(Stored data)
◇ ◇ ◇ ◇ ◇ ◇ ◇

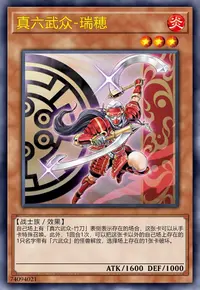 自己场上有「真六武众-瑞穂」表侧表示存在的场合,这张卡可以从手卡特殊召唤。场上存在的这张卡被解放的场合,选择自己墓地存在的「真六武众-竹刀」以外的1只名字带有「六武众」的怪兽加入手卡。
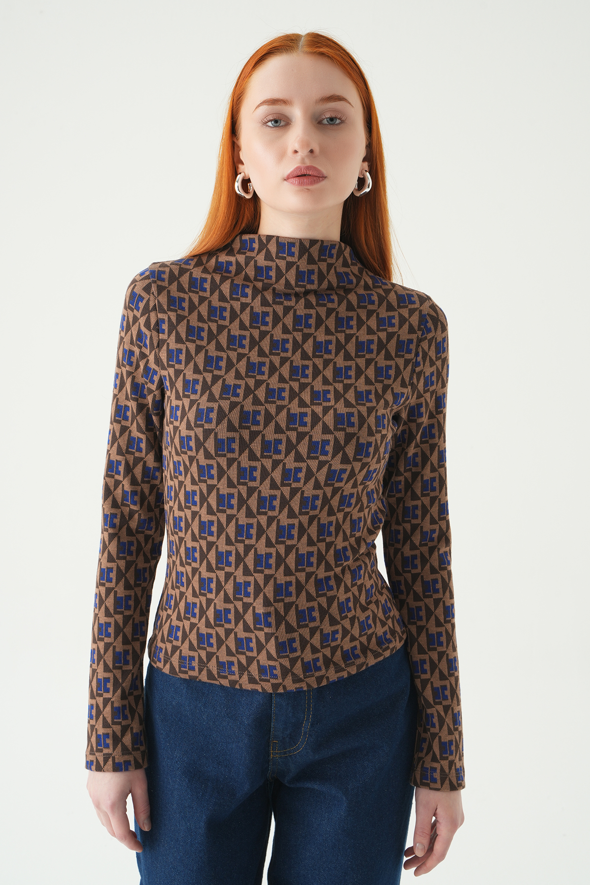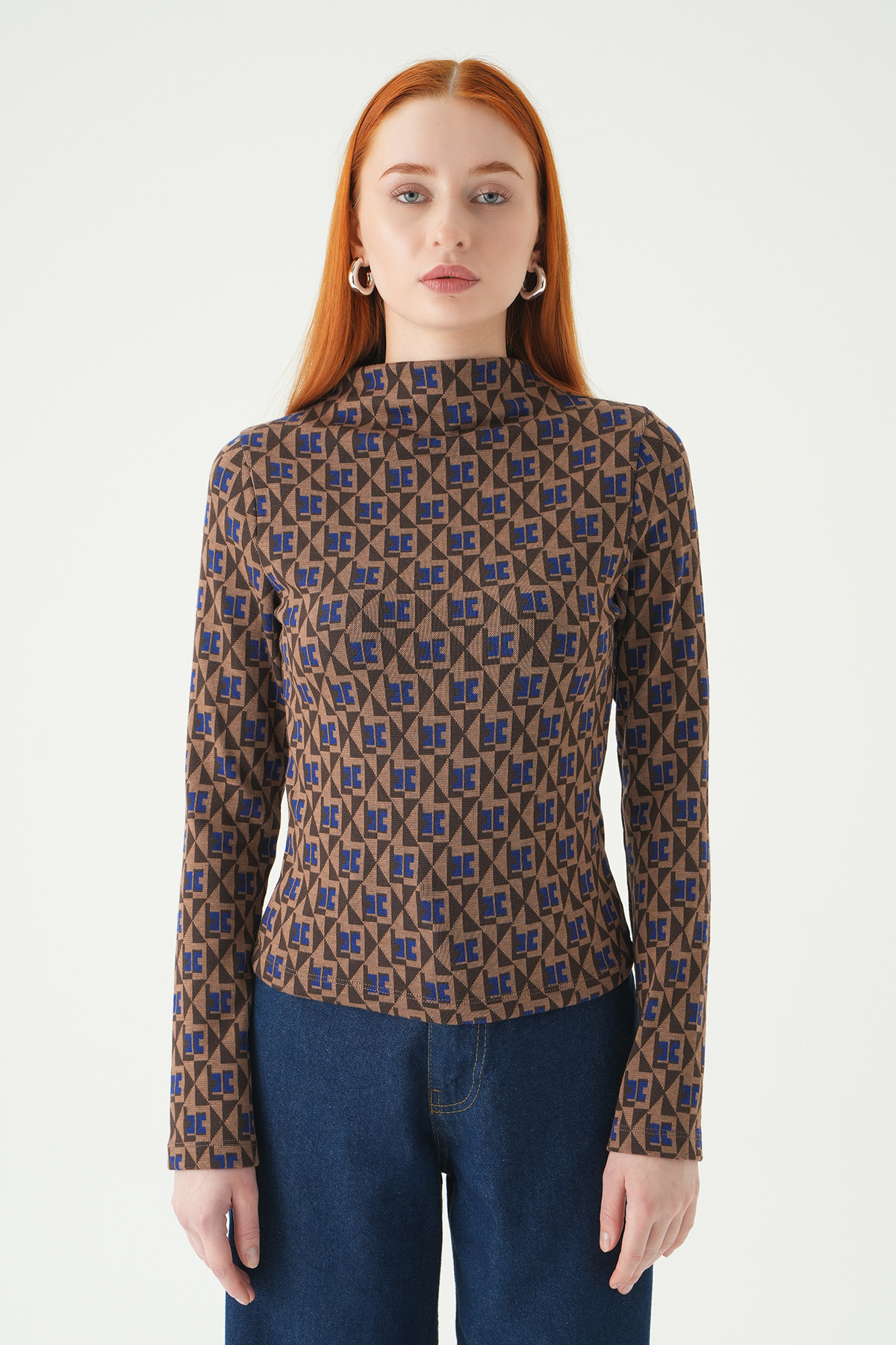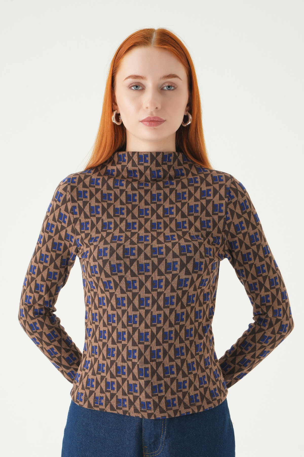 242143 Desenli Dik yaka Bluz
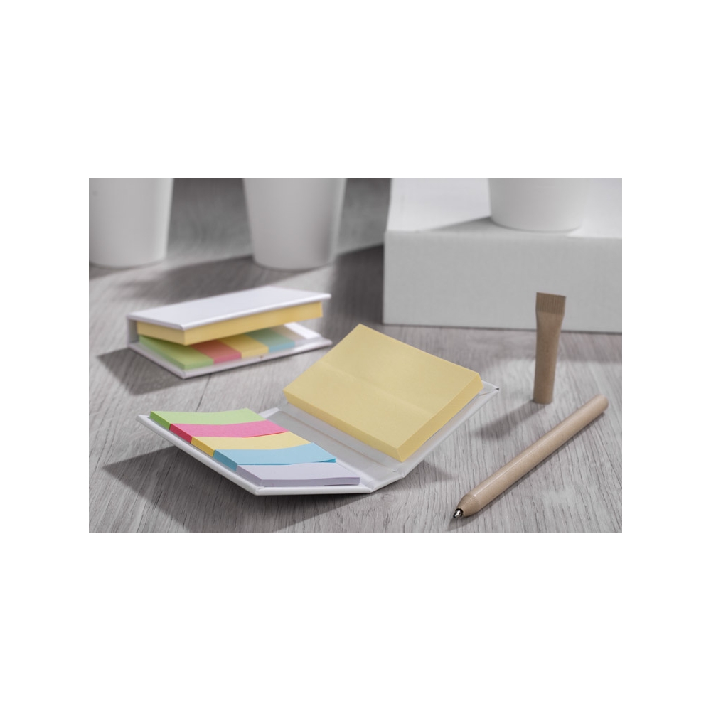 Artikel-Nr: ARD17539LECTURE ist ein kleines, handliches Notizbuch mit einem Satz Haftnotizen. Es enthält 5 Farben kleiner Notizzettel à 25 Stück pro Farbe und 70 große Notizzettel. Das Logo wird auf das Notizbuch gedruckt. Die Anordnung der einzelnen Farben der Haftnotizen innerhalb einer Charge kann variieren.
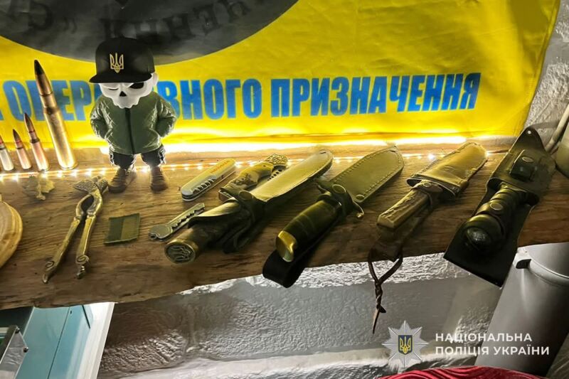 Під час огляду гаражного приміщення поліцейські виявили заборонені предмети, зокрема, патрони, порох, ножі а також суху подрібнену речовину, схожу на наркотичну.
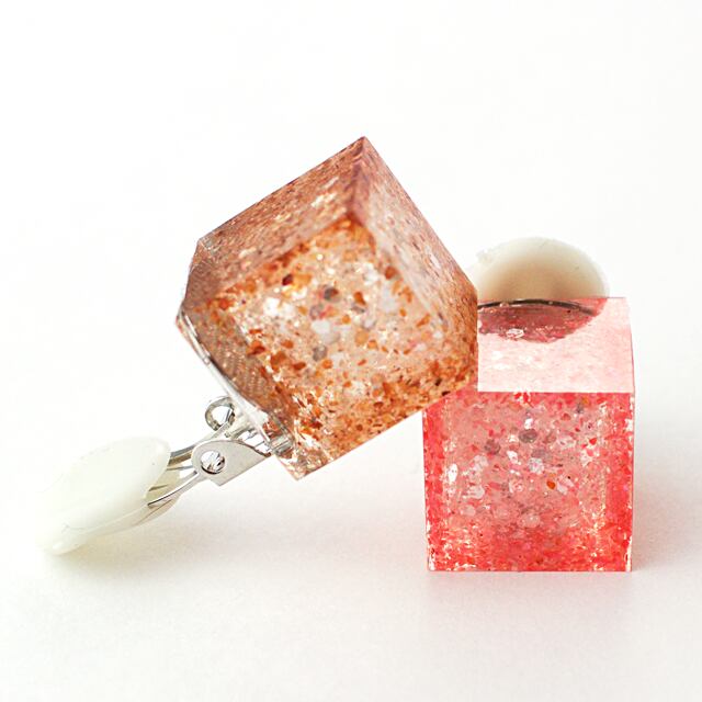 ラメやシェルなどをふんだんにクリスタルレジンで閉じ込めたキューブ型のクリップタイプのイヤリングです。
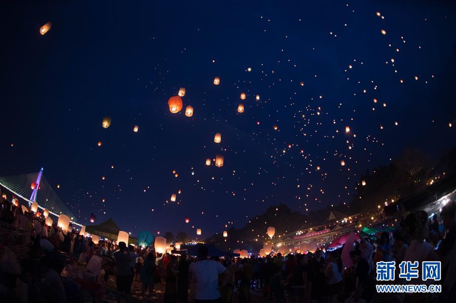 當(dāng)日,各族群眾和國內(nèi)外游客在云南西雙版納景洪市瀾滄江畔放飛孔明燈,喜迎傣歷1378年新年。
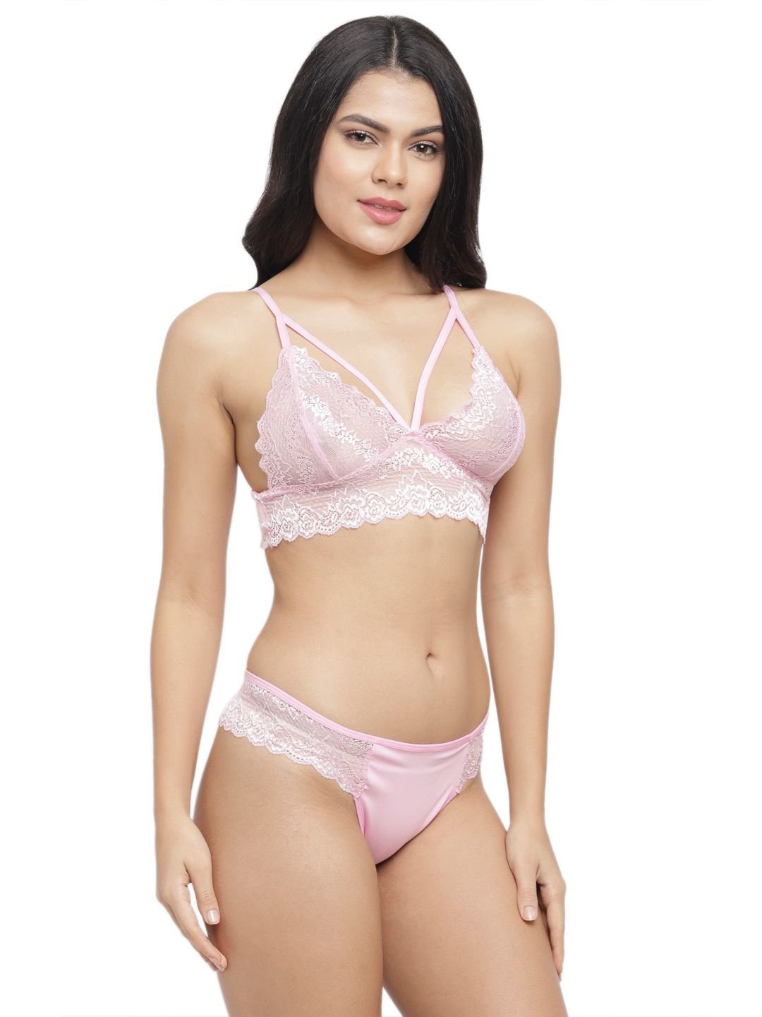 Set of lace bra Non-padded non wired lace bra with a deep neckline. Matching low waist panty lace cups,adjustable halterneck strap,back closure and matching lace thong panty with cutout and strap detail.These are skin friendly inner wears lovely set of double strap back bra and crotchless g-string thong low rise panty has delicate lace embellishment.
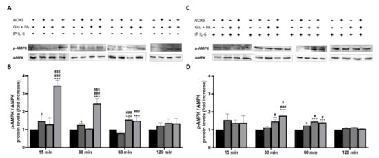 - Kelly, M.; Gauthier, M.S.; Saha, A.K.; Ruderman, N.B. Activation of AMP-activated protein kinase by interleukin-6 in rat skeletal muscle: Association with changes in cAMP, energy state, and endogenous fuel mobilization. Diabetes 2009, 58, 1953–1960. [Google Scholar] [CrossRef] [PubMed] [Green Version]
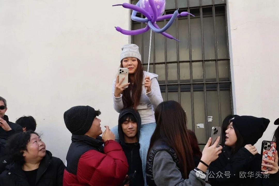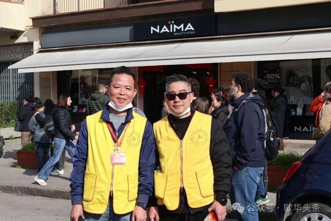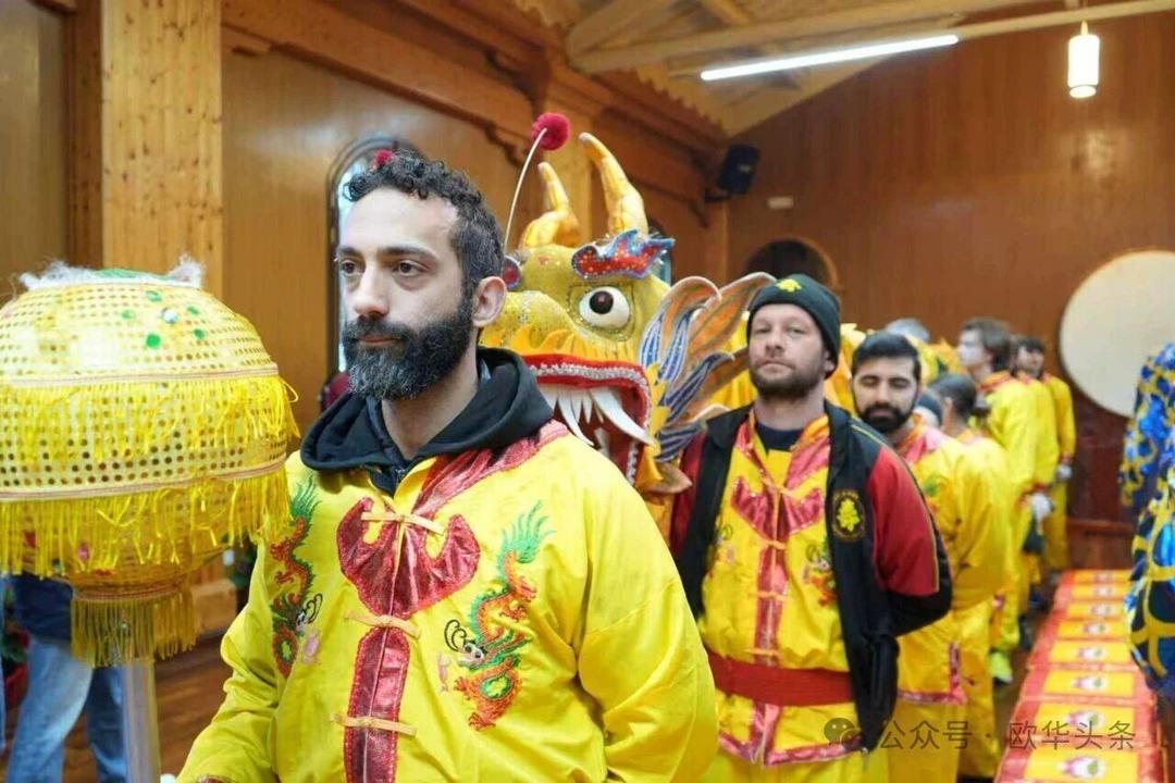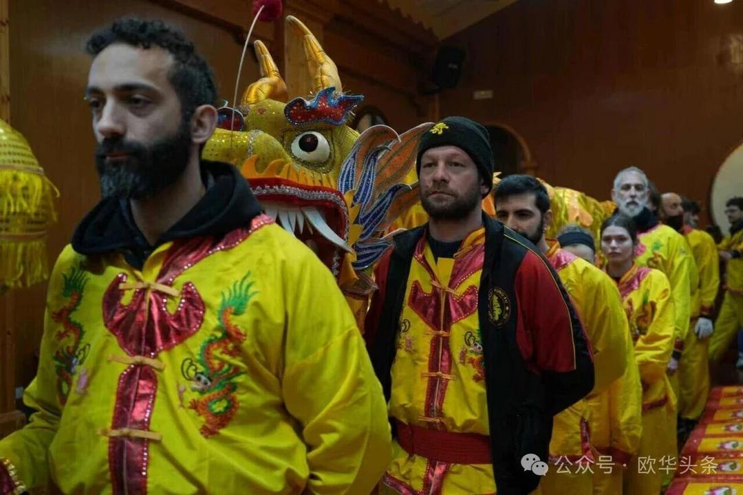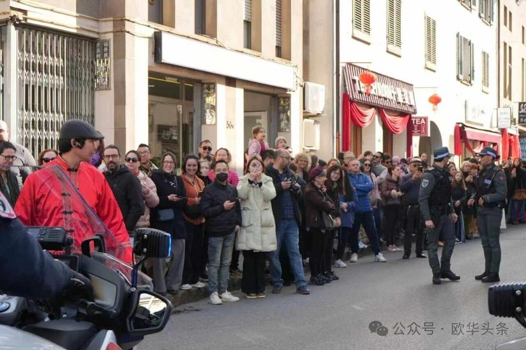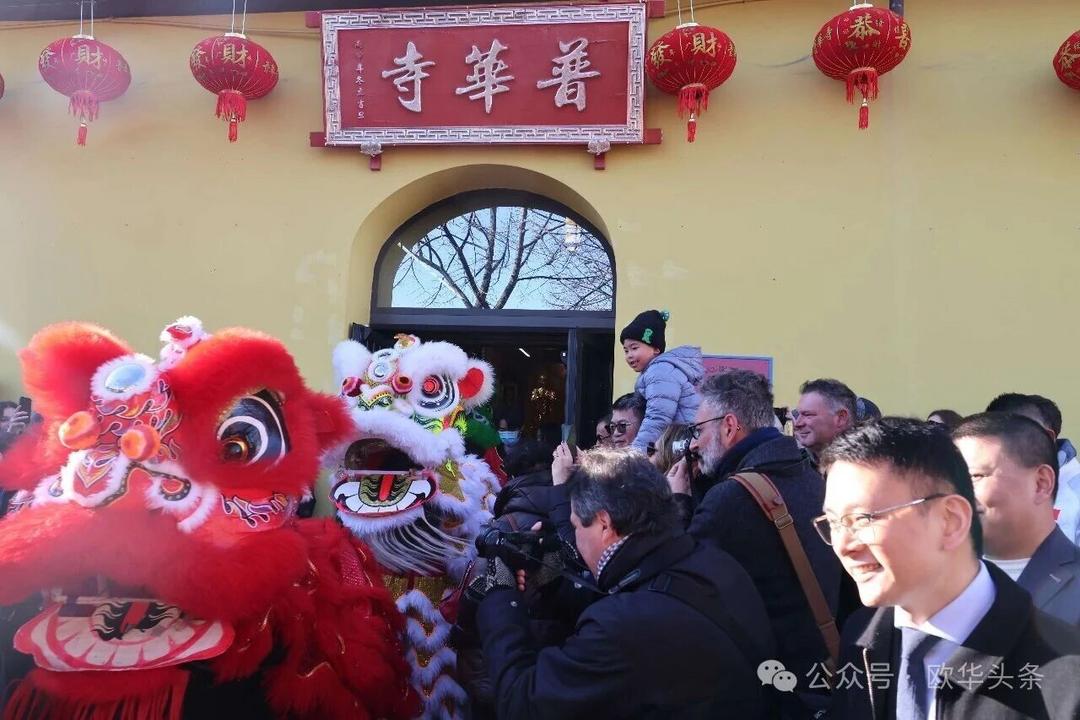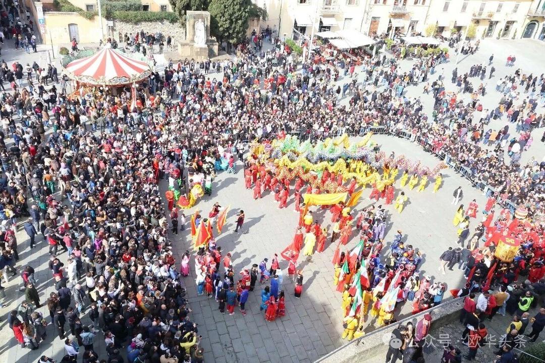 一路走来,沿途的商家纷纷加入庆祝行列,悬挂红灯笼、张贴福字,送出小礼物,向巡游队伍致意祝福。现场不仅有华人居民热情参与,当地意大利市民也被传统的龙狮文化深深吸引,大家掌声、喝彩声此起彼伏,将街区氛围推向高潮。

◇ ◇ ◇ ◇ ◇ ◇ ◇

- [EXERCISE BRIEF] The answer must consist solely of the lines from the one with "Під час огляду" through the final line of the data, each reproduced exactly and with pictures omitted.

- [RESPONSE TO THIS TASK]
 Під час огляду гаражного приміщення поліцейські виявили заборонені предмети, зокрема, патрони, порох, ножі а також суху подрібнену речовину, схожу на наркотичну.
 ラメやシェルなどをふんだんにクリスタルレジンで閉じ込めたキューブ型のクリップタイプのイヤリングです。
 當(dāng)日,各族群眾和國內(nèi)外游客在云南西雙版納景洪市瀾滄江畔放飛孔明燈,喜迎傣歷1378年新年。
 Set of lace bra Non-padded non wired lace bra with a deep neckline. Matching low waist panty lace cups,adjustable halterneck strap,back closure and matching lace thong panty with cutout and strap detail.These are skin friendly inner wears lovely set of double strap back bra and crotchless g-string thong low rise panty has delicate lace embellishment.
 - Kelly, M.; Gauthier, M.S.; Saha, A.K.; Ruderman, N.B. Activation of AMP-activated protein kinase by interleukin-6 in rat skeletal muscle: Association with changes in cAMP, energy state, and endogenous fuel mobilization. Diabetes 2009, 58, 1953–1960. [Google Scholar] [CrossRef] [PubMed] [Green Version]
 一路走来,沿途的商家纷纷加入庆祝行列,悬挂红灯笼、张贴福字,送出小礼物,向巡游队伍致意祝福。现场不仅有华人居民热情参与,当地意大利市民也被传统的龙狮文化深深吸引,大家掌声、喝彩声此起彼伏,将街区氛围推向高潮。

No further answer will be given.